夜中にトイレで目が覚める。この経験は、多くの方が日常的に感じている悩みではないでしょうか。

実は、夜間の排尿回数が増えることは、単なる不便さだけでなく、転倒や骨折といった深刻なリスクにつながる可能性があります。特に高齢になるほど、その危険性は高まります。

泌尿器科の診療現場では、「夜中に何度もトイレに起きて困ります」という相談が多く寄せられます。夜間頻尿は、睡眠の質を低下させるだけでなく、暗い中での移動によって転倒リスクを高め、結果として骨折や長期の療養につながることがあるのです。

本記事では、夜間排尿が転倒や骨折リスクに及ぼす影響について、泌尿器科専門医の視点から詳しく解説します。夜間頻尿の実態と原因、そして今日から実践できる7つの具体的な対策まで、安心して取り組める情報をお届けします。

夜間頻尿とは何か?その定義と実態

夜間頻尿は、医学的には「夜間に排尿のために1回以上起きなければならないという愁訴」と定義されています。
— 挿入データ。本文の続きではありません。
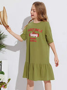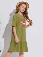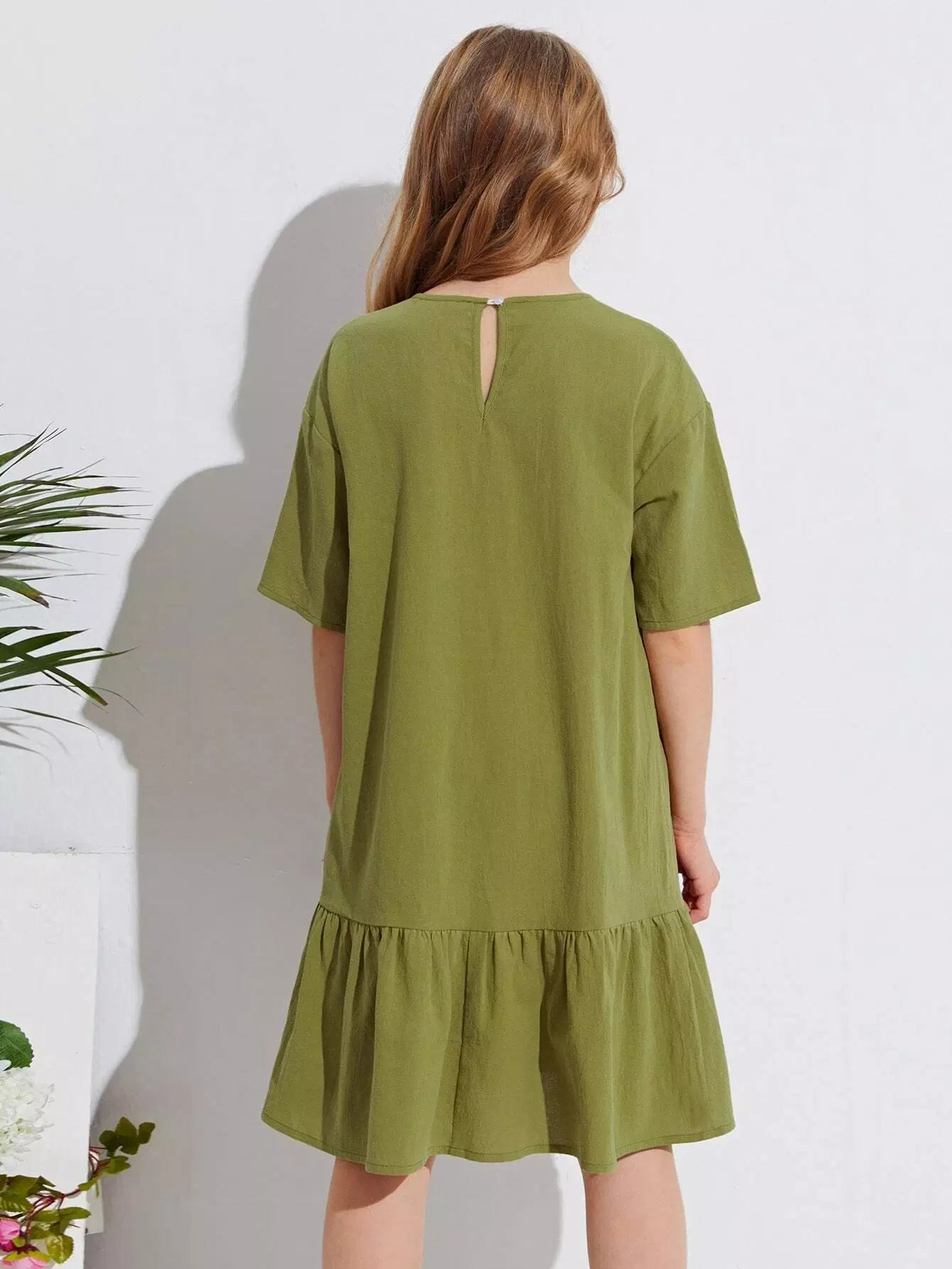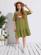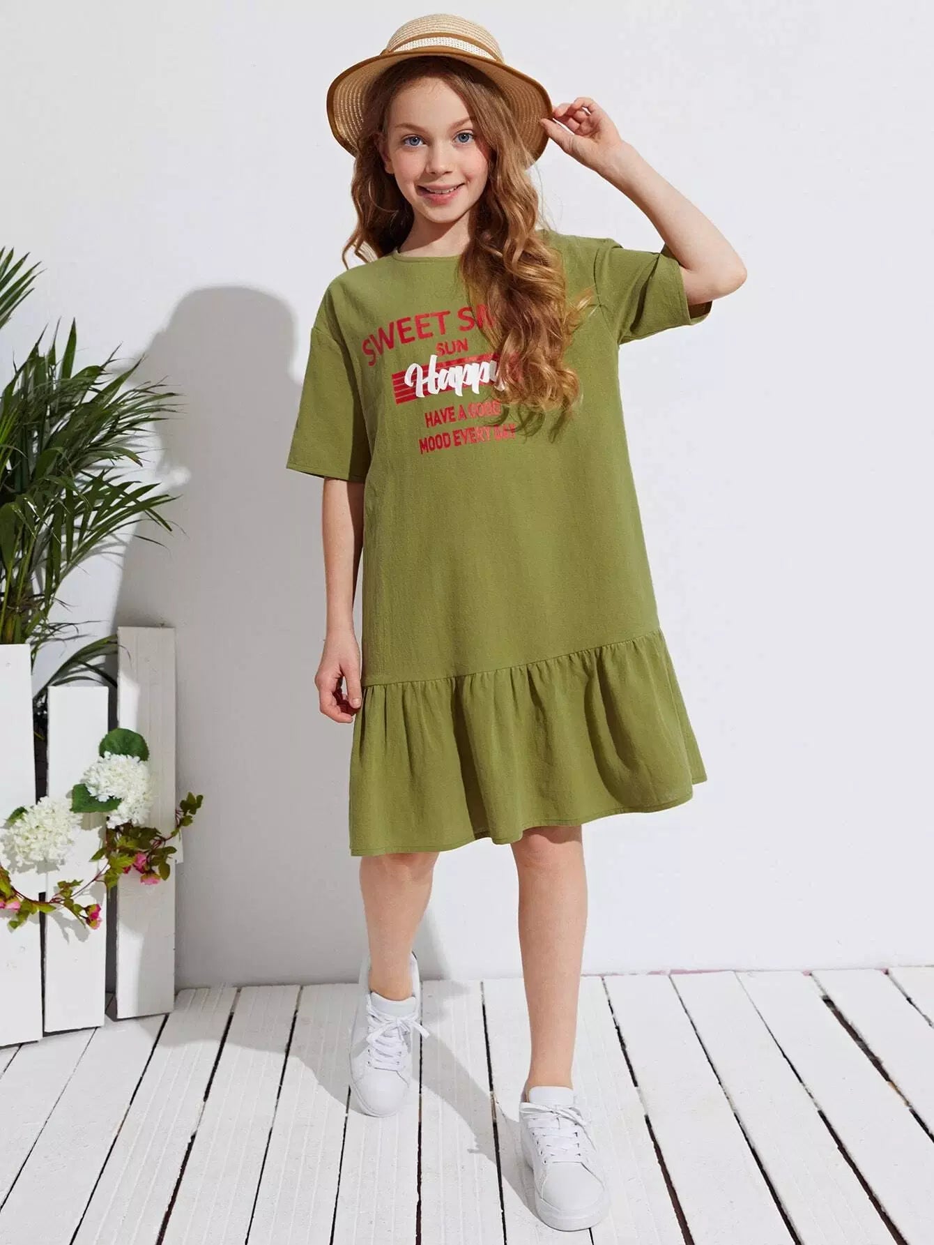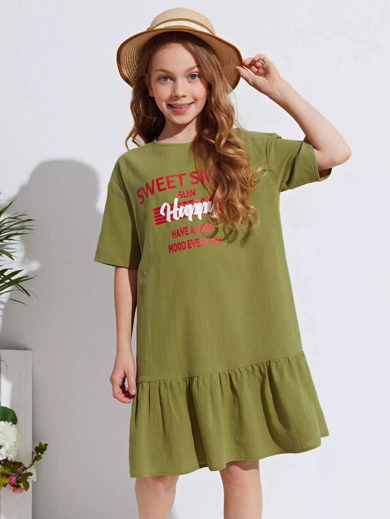 فستان كشكش بحافة كشكش جرافيك للبنات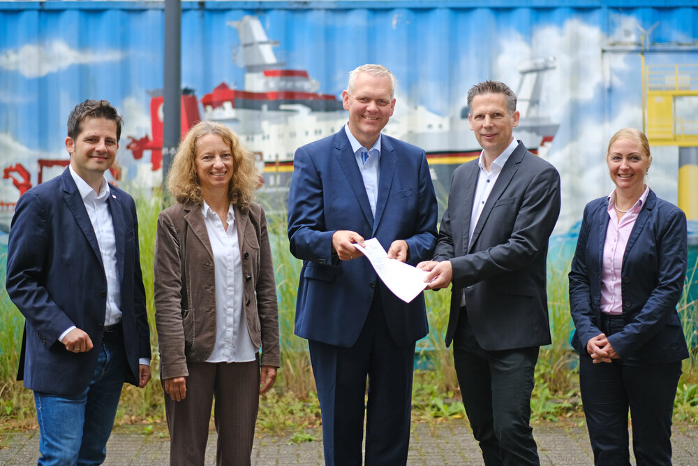 Übergabe des Förderbescheids für das Zukunftslabor Wasser (v. l. n. r.): Prof. Dr. Sebastian Lehnhoff (Carl von Ossietzky Universität Oldenburg | OFFIS - Institut für Informatik), Prof. Dr. Christiane Thiel (Carl von Ossietzky Universität Oldenburg), Minister Björn Thümler (Niedersächsisches Ministerium für Wissenschaft und Kultur), Prof. Dr. Oliver Zielinski (Carl von Ossietzky Universität Oldenburg | Deutsches Forschungszentrum für Künstliche Intelligenz), Dr.-Ing. Agnetha Flore (Zentrum für digitale Innovationen Niedersachsen). © Markus Hibbeler | Universität Oldenburg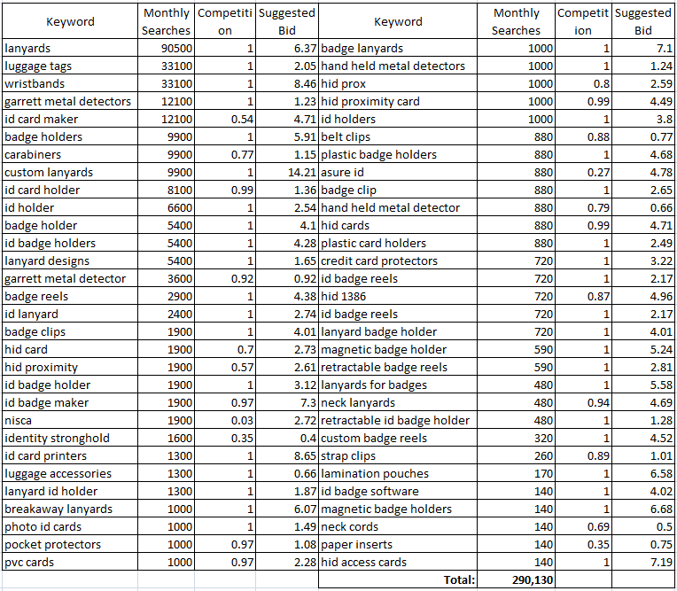 Initial Keyword Analysis:

ただし、夜間に1回起きることは健常者でもありうることです。そのため、臨床上問題となるのは、夜間2回以上起きることと考えられています。実際、夜間2回以上の排尿があると、転倒や骨折のリスクが上がることが報告されています。

年齢とともに増加する夜間頻尿

夜間頻尿は、加齢とともに男女ともに増加することが知られています。

本邦の調査によると、40代では男性の約10%、女性の約8%が夜間2回以上の排尿を経験しています。しかし、70代になると男性の約62%、女性の約48%に増加し、80歳以上では男性の約84%、女性の約71%が夜間2回以上トイレに起きているという実態があります。
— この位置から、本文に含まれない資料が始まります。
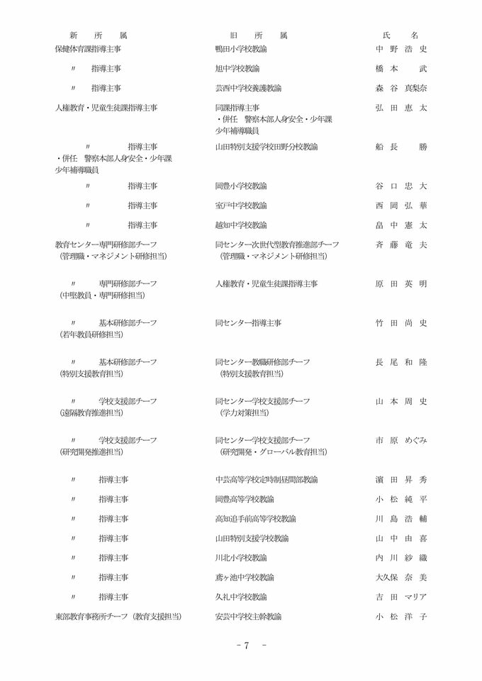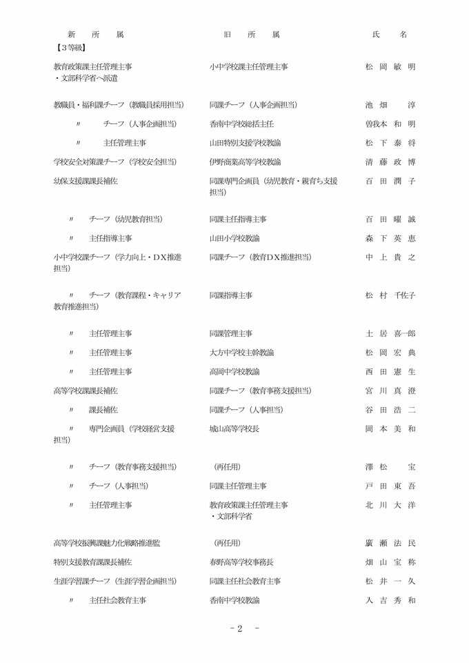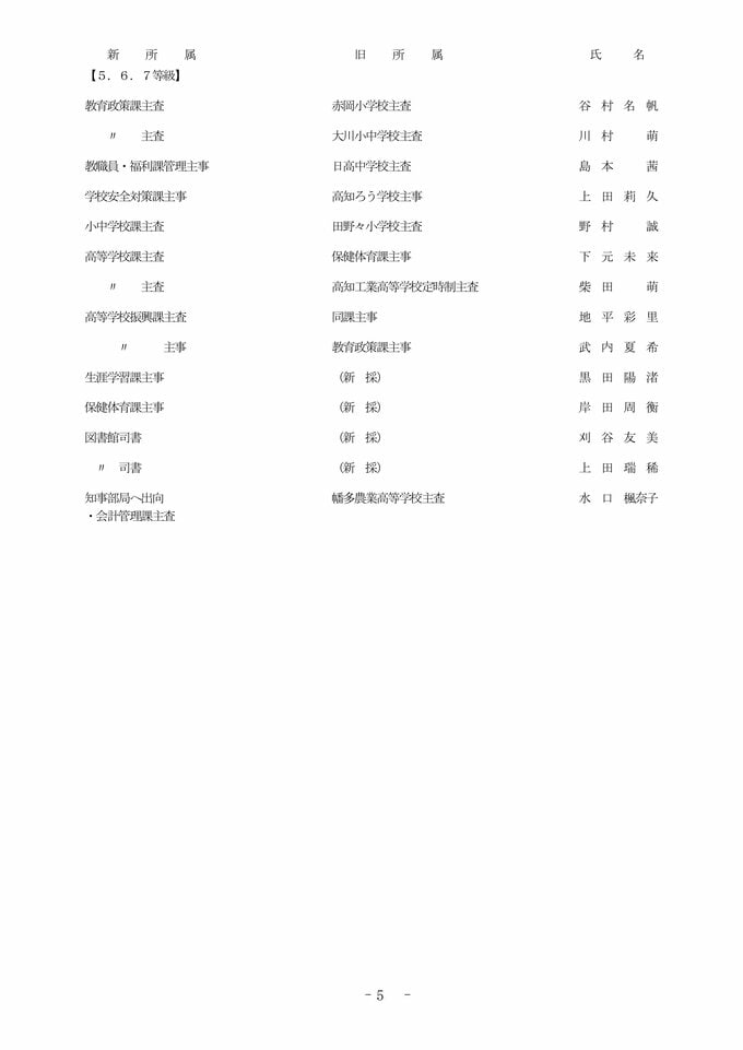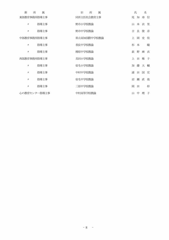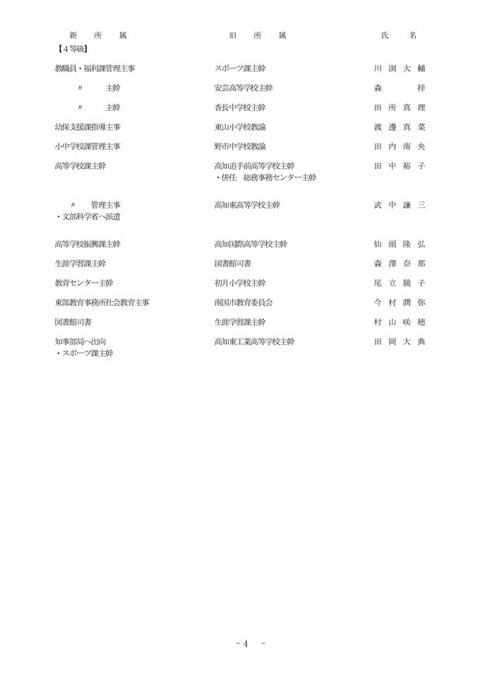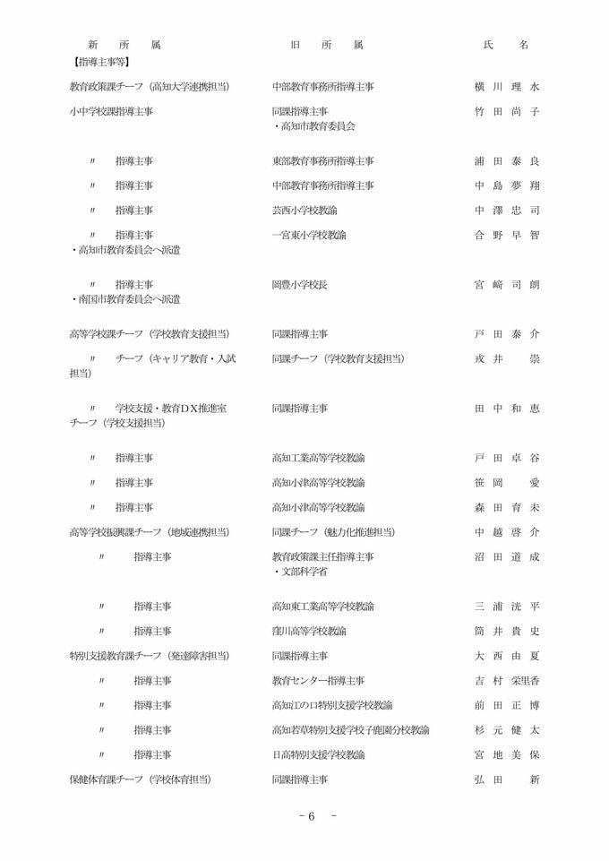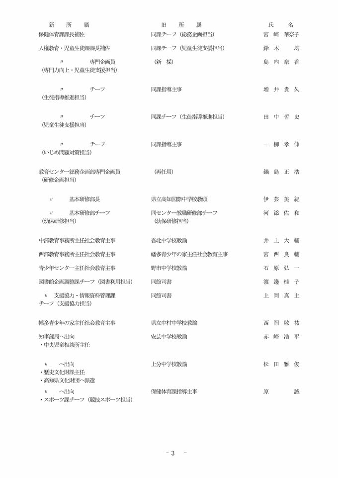 【全掲載】高知県 教職員 2026年度 人事異動③ 教育委員会事務局

このように、高齢になるほど夜間頻尿の頻度が高くなります。夜間の排尿回数が多くなれば、生活の質が低下することはもちろんですが、高齢者が夜間に一人でトイレに歩いていくという行動自体が、転倒や階段から落下したりして骨折のリスクとなるため、できる限り夜間排尿回数を少なくするよう治療することが必要です。

夜間頻尿が生活に及ぼす影響

夜間頻尿は、昼間頻尿や尿失禁、尿勢低下、残尿感などの下部尿路症状のなかで最も頻度が高く、また睡眠を阻害するため支障度も高い症状といわれています。

夜間に何度も目が覚めることで、日中の疲労感や倦怠感、活動性や集中力の低下につながり、生活の質を大きく損ないます。そのため、夜間頻尿は、認知機能障害やうつ病といった症状とも関連が指摘されています。
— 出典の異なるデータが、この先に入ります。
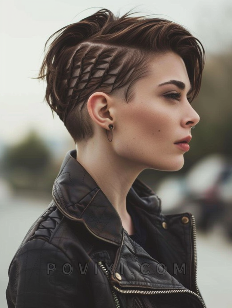 The undercut bob with a shaved design is for those who love to make a bold statement. This style features intricate shaved patterns in the undercut, combined with a sleek bob. It’s perfect for artistic and creative events, festivals, or parties and suits oval and square face shapes.

また、夜間頻尿と不眠は互いに関係し悪循環を引き起こすことが知られています。夜間に尿意を感じ目が覚める場合と、逆に夜間に目が覚めると尿意を感じる場合もあります。

夜間排尿が転倒・骨折リスクを高める理由

夜間にトイレに起きることは、転倒や骨折のリスクと隣り合わせです。

仙台市の調査では、70歳以上の約800人を5年間追跡したところ、夜間トイレに2回以上行く人が骨折して入院した割合は、1回以下の人の2倍に上ったという報告があります。

暗闇での移動が招く危険

夜間の転倒リスクが高い理由は、いくつかあります。

まず、暗い環境での移動は視界が悪く、障害物を認識しにくくなります。また、睡眠中に起きた直後は、意識がはっきりしておらず、判断力や反応速度が低下しています。さらに、高齢になると筋力やバランス感覚が低下しているため、わずかな段差やじゅうたんの端でもつまずきやすくなります。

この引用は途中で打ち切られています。